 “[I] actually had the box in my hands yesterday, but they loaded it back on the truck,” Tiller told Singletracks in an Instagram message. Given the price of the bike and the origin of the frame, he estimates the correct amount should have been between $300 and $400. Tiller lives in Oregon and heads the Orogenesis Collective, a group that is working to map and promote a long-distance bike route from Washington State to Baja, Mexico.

--

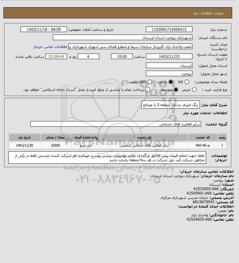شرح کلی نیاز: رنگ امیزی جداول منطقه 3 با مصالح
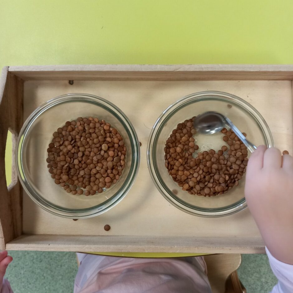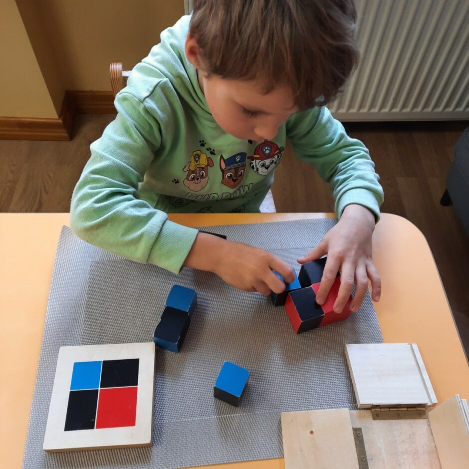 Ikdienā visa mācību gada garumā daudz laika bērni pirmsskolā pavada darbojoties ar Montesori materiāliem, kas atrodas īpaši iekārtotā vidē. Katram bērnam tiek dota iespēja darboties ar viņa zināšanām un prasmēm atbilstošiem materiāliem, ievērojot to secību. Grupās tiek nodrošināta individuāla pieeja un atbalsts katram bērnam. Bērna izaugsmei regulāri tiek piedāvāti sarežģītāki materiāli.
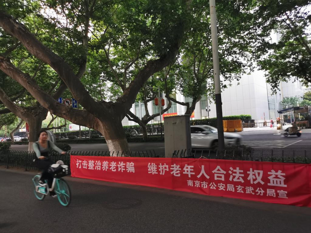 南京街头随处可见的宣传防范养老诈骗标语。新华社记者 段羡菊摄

**Your task:** Copy only what lies between the line with "Ikdienā visa mācību" and the line with "南京街头随处可见的宣传防范养老诈骗标语。新华社记者 段羡菊摄", those two lines included, exactly as given above; pictures stay out.

**Solved problem:**
 Ikdienā visa mācību gada garumā daudz laika bērni pirmsskolā pavada darbojoties ar Montesori materiāliem, kas atrodas īpaši iekārtotā vidē. Katram bērnam tiek dota iespēja darboties ar viņa zināšanām un prasmēm atbilstošiem materiāliem, ievērojot to secību. Grupās tiek nodrošināta individuāla pieeja un atbalsts katram bērnam. Bērna izaugsmei regulāri tiek piedāvāti sarežģītāki materiāli.
 南京街头随处可见的宣传防范养老诈骗标语。新华社记者 段羡菊摄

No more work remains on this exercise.